Alfred se sentó, moviendo el café alrededor de la taza. No sabía qué pensar. Seguro, no tenía todos sus recuerdo- el distanciamiento entre él y Arthur aún un dibujo en blanco- pero de verdad no podía recordad que Cesar le hubiese mencionado alguna vez la Corte de los Huesos o armas o su deseo de poner sus manos sobre ellas. Alfred sabía que había sido de rango alto, confiado por Cesar; ¿Por qué el general lo hubiese mantenido tan secreto?
"¿Arthur lo sabe?" Preguntó Alfred al final. "¿Sobre las armas?"

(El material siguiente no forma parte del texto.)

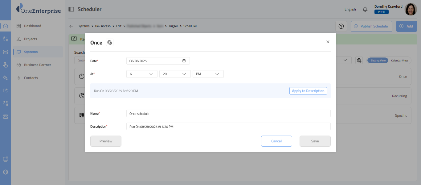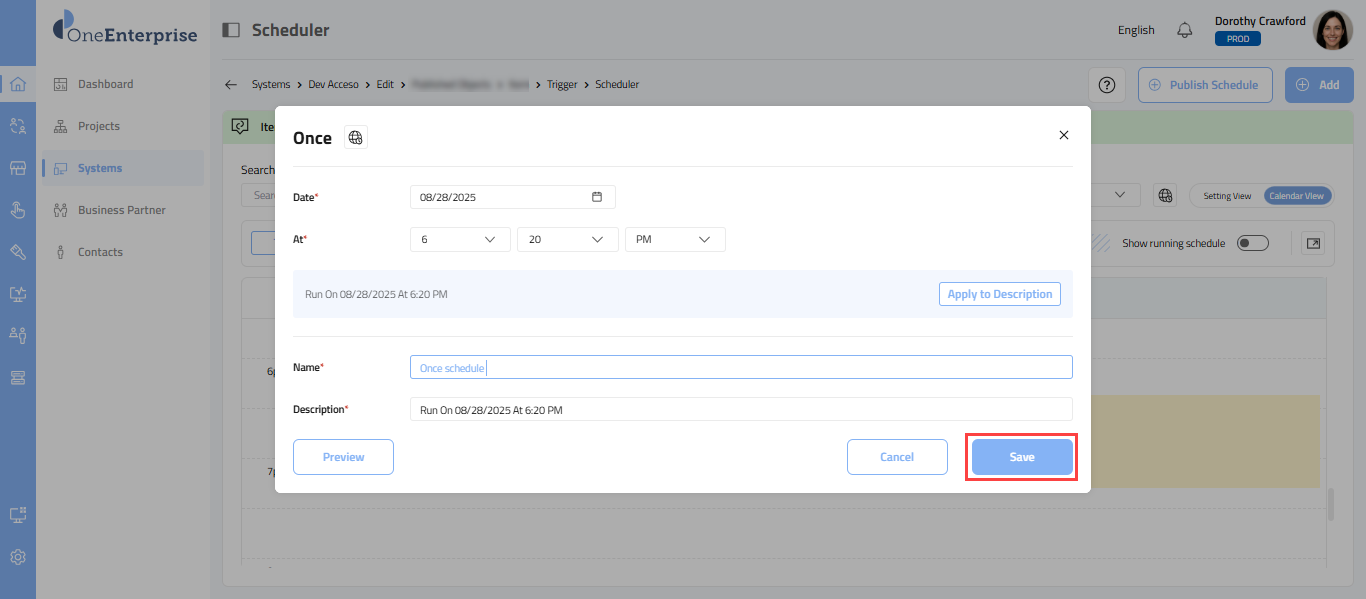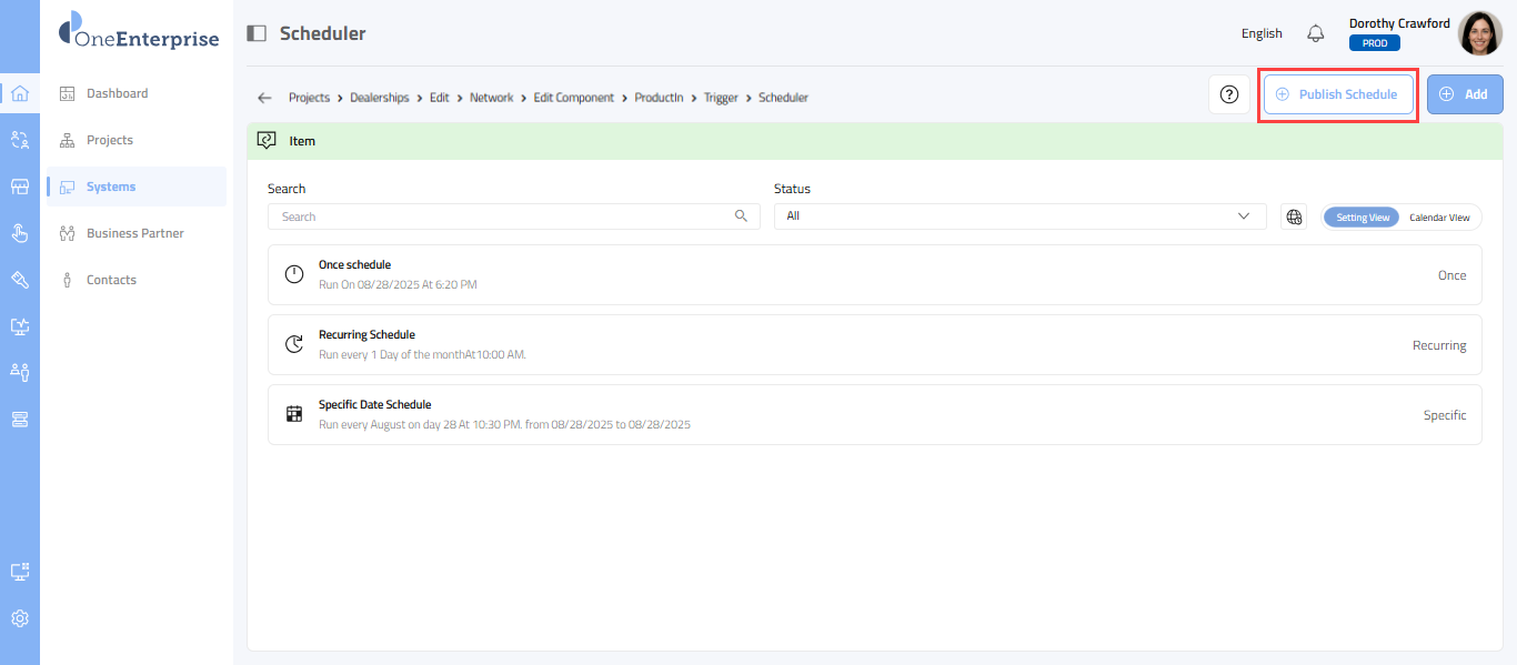 - The Publish Schedule button allows you to publish a schedule that you have configured. The designed schedules will be active and running only once they are published.
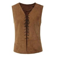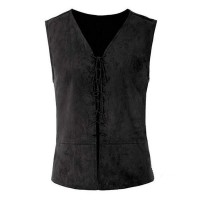 Sku:Mens Retro Casual Lace-Up Solid Color Vest 81619774X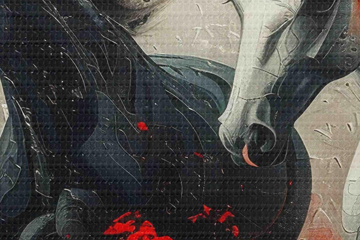 Selle lõuendi peenike niidipunus meenutab professionaalse kunstniku lõuendi pinda.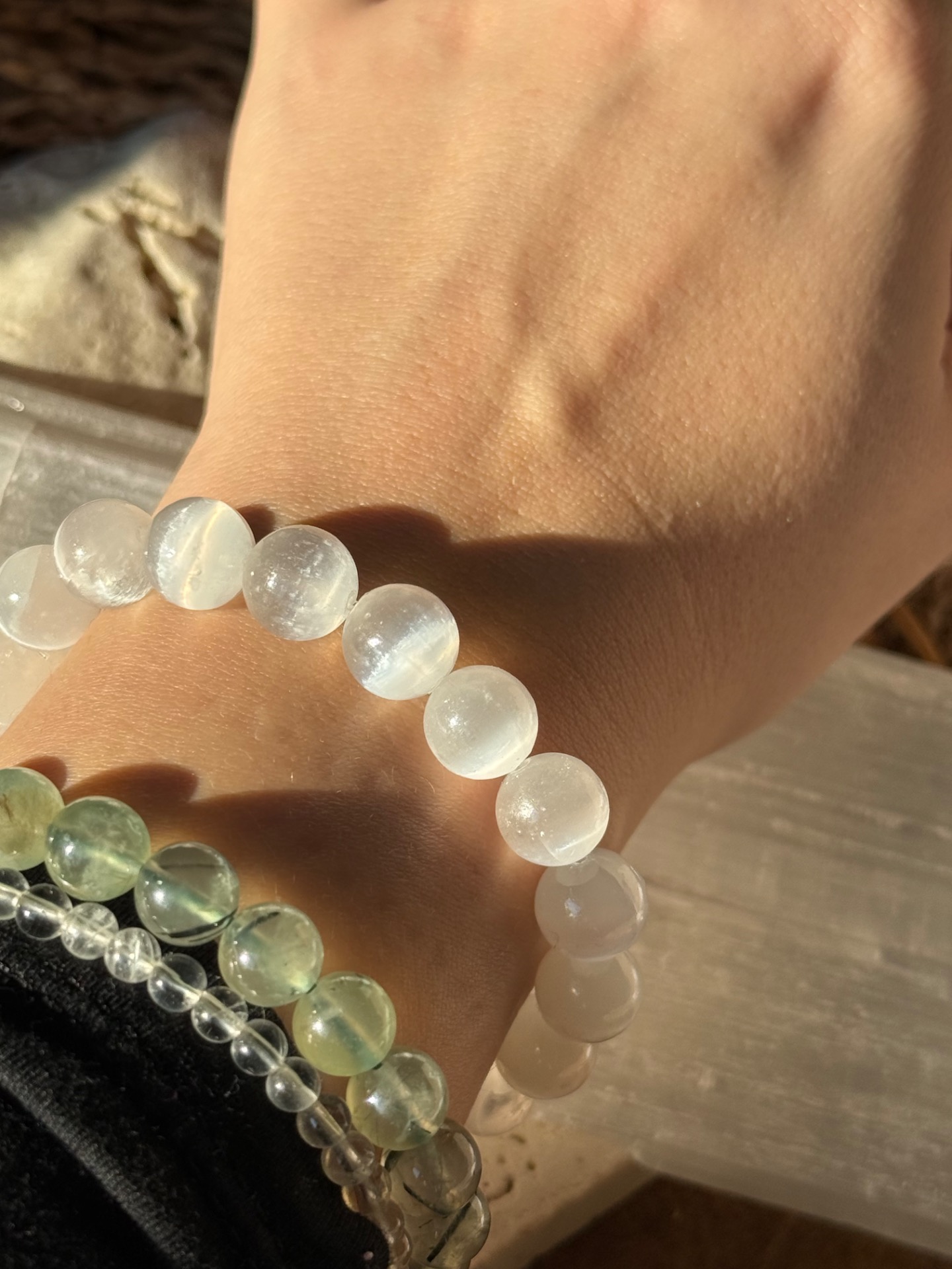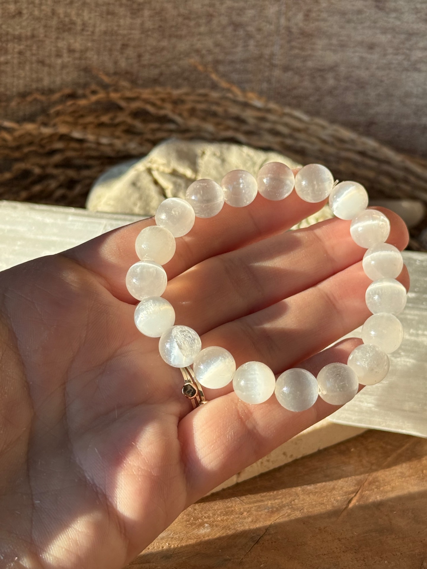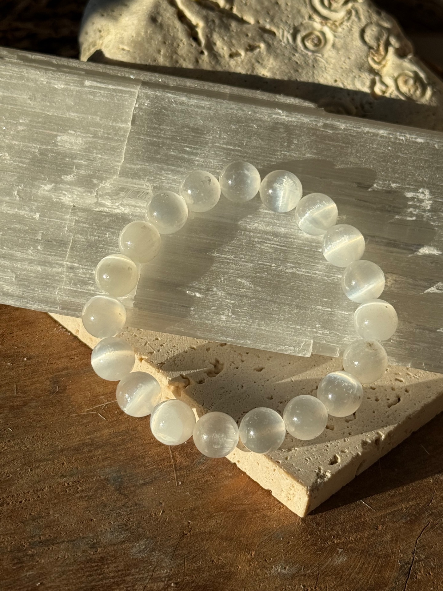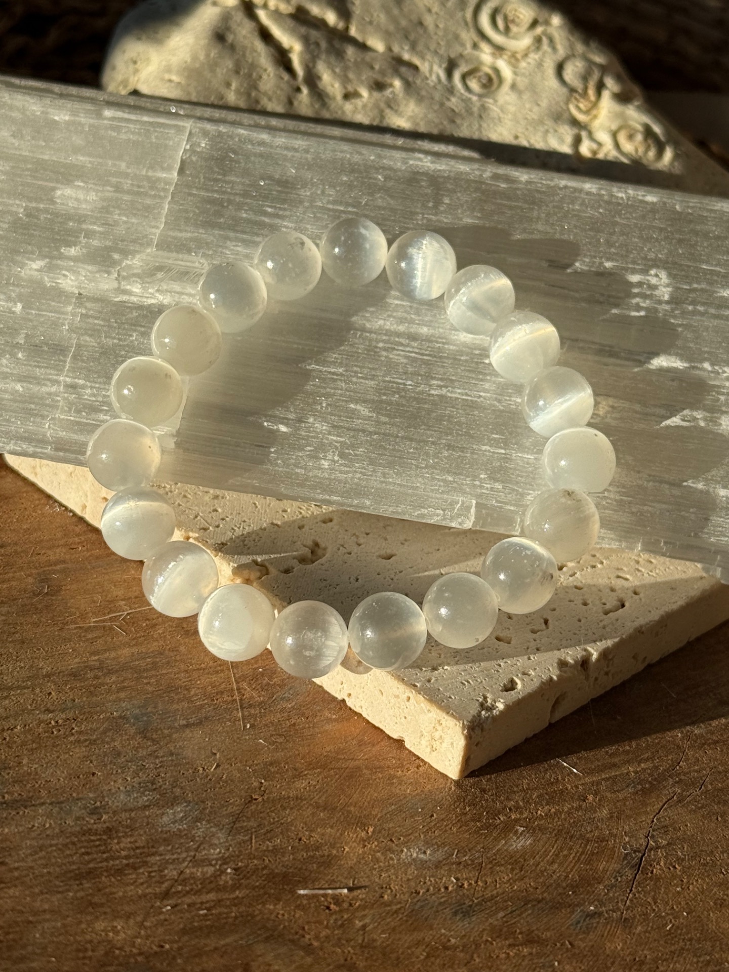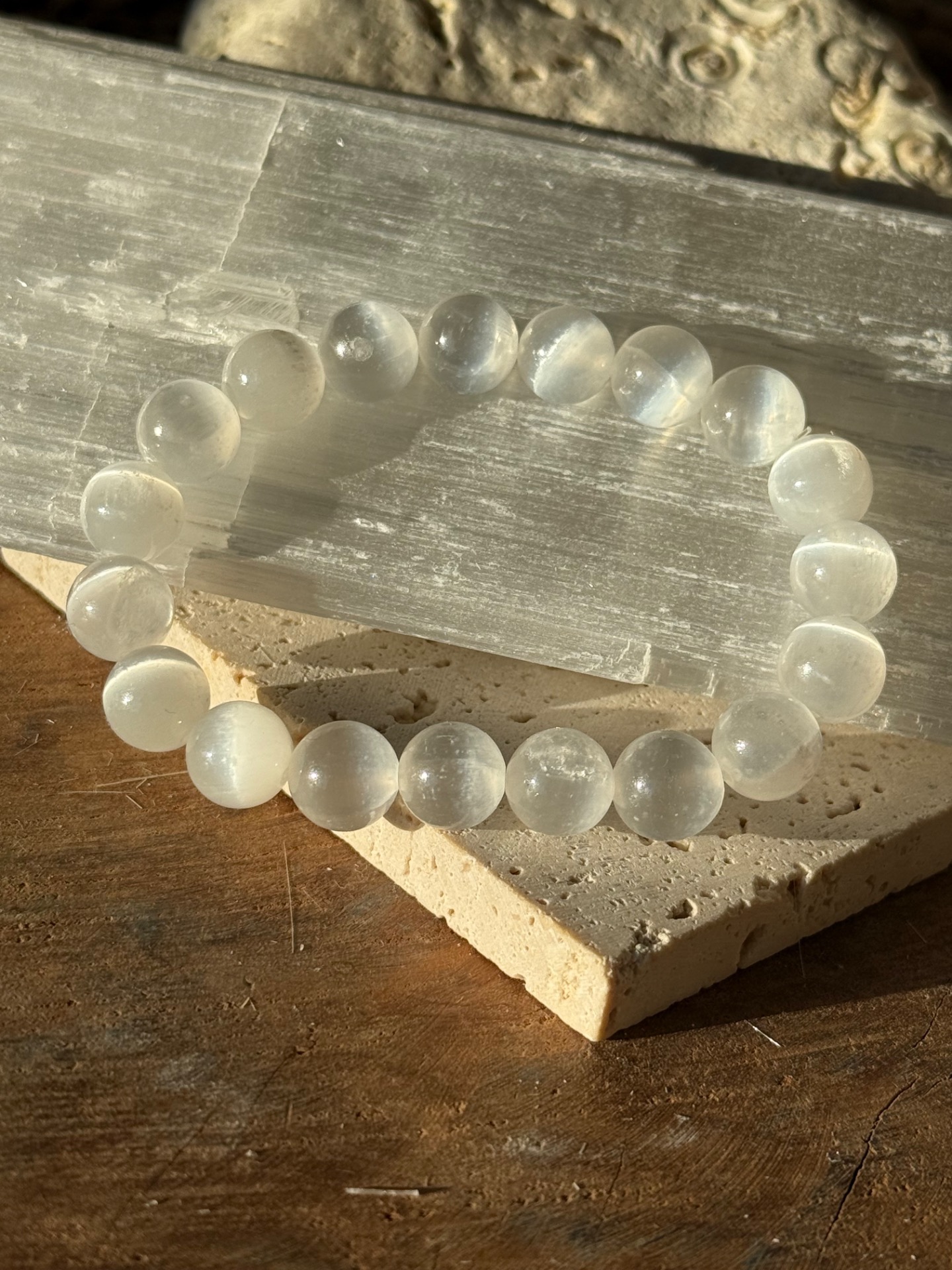 Náramok z minerálu selenit 10mm.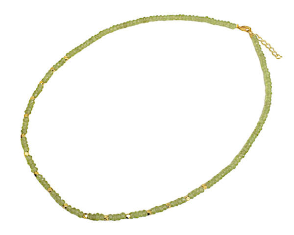 Best Gift Valentine's Day New Year Peridot Gemstone Gold Plated Beads Link Chain Necklace Diamond Pearl Yellow Gold Ball Shape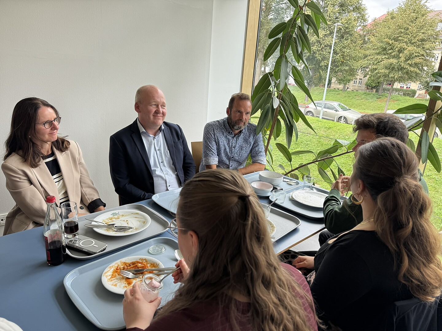 Nach der Begrüßung und dem Eintrag ins neue Goldene Buch der HSZG stellte das Rektorat zentrale Entwicklungslinien der HSZG vor. Gemeinsam mit der Hochschulleitung besichtigte die Staatssekretärin das Naturfaserforschungszentrum LaNDER³ und das Zittauer Kraftwerkslabor, zwei beispielhafte Einrichtungen für die anwendungsorientierte Forschung in der Oberlausitz. Beim Mittagessen in der Mensa nutzten Studierende aus dem Studierendenrat die Gelegenheit, ihre Perspektiven einzubringen und Fragen rund um das Studium an der HSZG mit der Staatssekretärin zu diskutieren.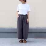 衣類についての考え、と題されたMUYAのウェブサイトに、“服づくりにおいて大切にしていることは、「何にも属さない水のようなもの。着る人のスタイルで変化し姿や表情を変えるもの」をコンセプトに”と記されています。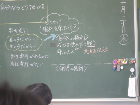 6年 自分の権利が侵されるようなことがあれば,「武器を使わずに戦う」と発言しています。具体的には,自分の思いや考えを言葉で伝えたい とのことでした。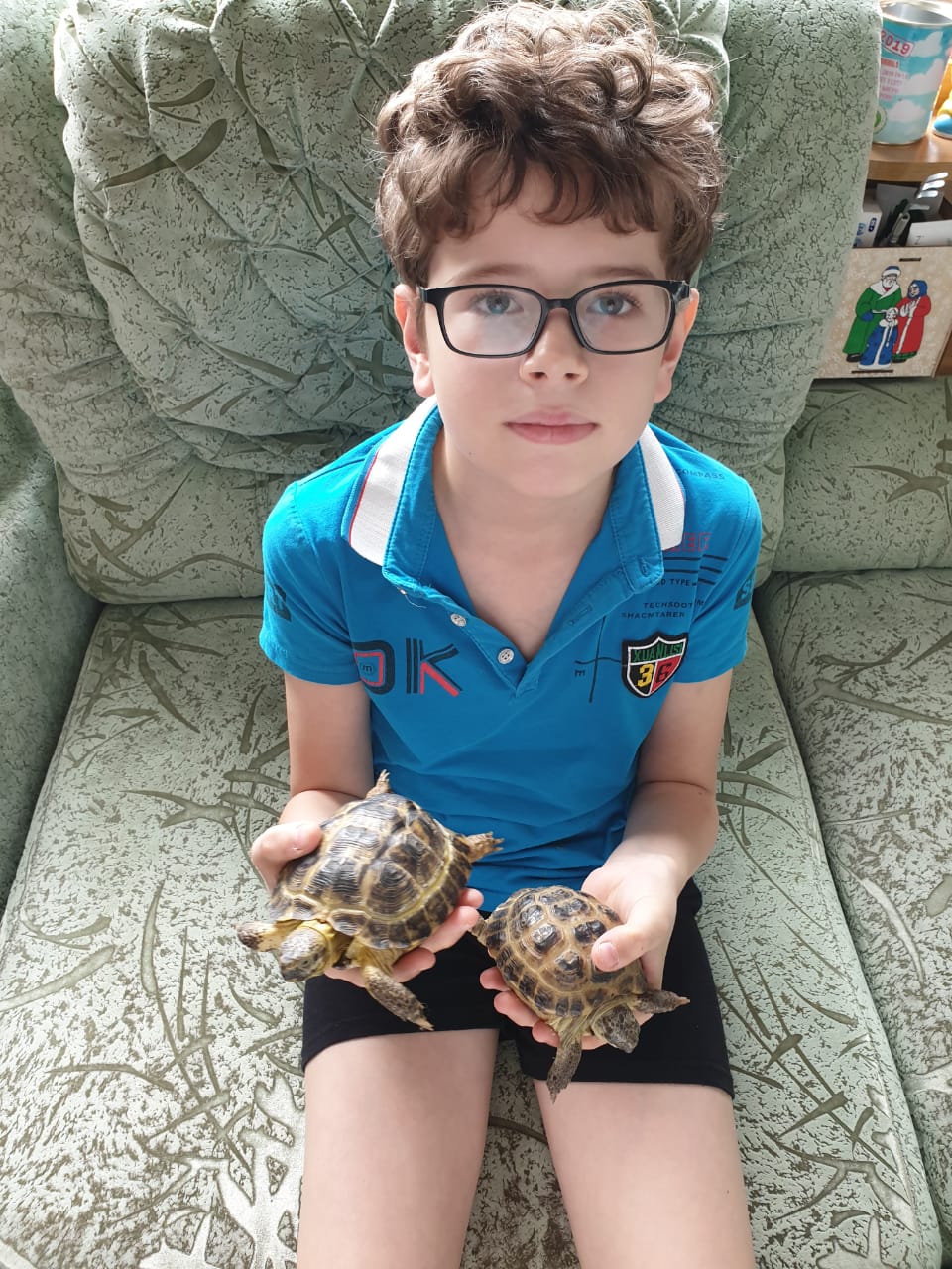 У Ярослава Трофимова дома целый контактный зоопарк. В аквариумах живут рыбки и креветка. Не так давно у Ярослава появились жуки-палочники. Их любимая зимняя пища – листья малины. Ожереловый попугай Красавчик обожает экзотические фрукты, овощи, ягоды и омлет. Компанию им составляют две черепахи (большая – Кеша, маленькая – Стружка). Они очень любят салат, фрукты, овощи. Могут есть творог и хлеб, замоченный в молоке. Ярик много ухаживает за своими любимцами и хотел бы знать ответ на вопрос: «А вы меня любите?».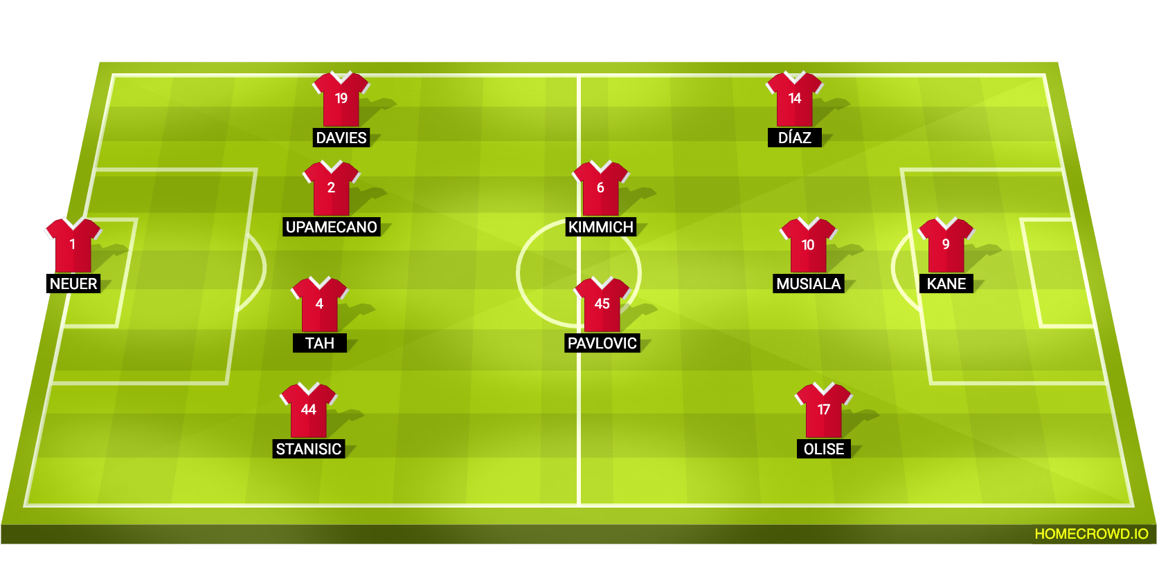 Probable Lineup (4-2-3-1): Neuer; Stanisic, Tah, Upamecano, Davies; Pavlovic, Kimmich; Olise, Musiala, Diaz; Kane

Gilbert frunció los labios.
"Esa es la cosa," dijo. "No cree que existan. O eso dice, como sea."
"¿Por eso lo llamar traidor?"
"Parcialmente. También porque solía andar contigo, ¿recuerdas?" Gilbert sonrió. "Cuando aún estabas vivo."
"¿Sabes por qué me mató?" Alfred bajó la voz, a pesar del hecho de que Arthur estaba enterrado afuera en un ataúd. "Es el recuerdo que no recuperé."
Gilbert se encogió de hombros.
"Que me parta un rayo si lo sé. Siempre pensé que era porque se había cansado de arriesgar su cabeza por una cogida fácil."
Alfred le miró con odio.
"Bueno," dijo rígidamente, "si está tan determinado a que las armas no existen, ¿Qué quieres con él? Supongo que esta es una conversación que tú y él han tenido antes."
"Tantas veces," Gilbert gruñó. "Pero este año es diferente. Es hora de la verdad; ¿Y sabes por qué?"
"Arthur," Alfred se dio cuenta. "Él… él tiene quinientos años."
"Exacto." Gilbert sobó sus manos. "Le darán acceso a la Corte de los Huesos- y voy a usar la apertura para tomar esas armas."
"¿Y qué quieres conmigo?" Preguntó Alfred. "Si no te cree a ti, entonces definitivamente no me creerá a mí-"
"No, no, no se lo digas," Le cortó Gilbert. "Ni siquiera le digas que estuve aquí, sólo lo enojará. Iba a intentar hacer algún trato con él, pero creo que puedo sacarte más partido a ti."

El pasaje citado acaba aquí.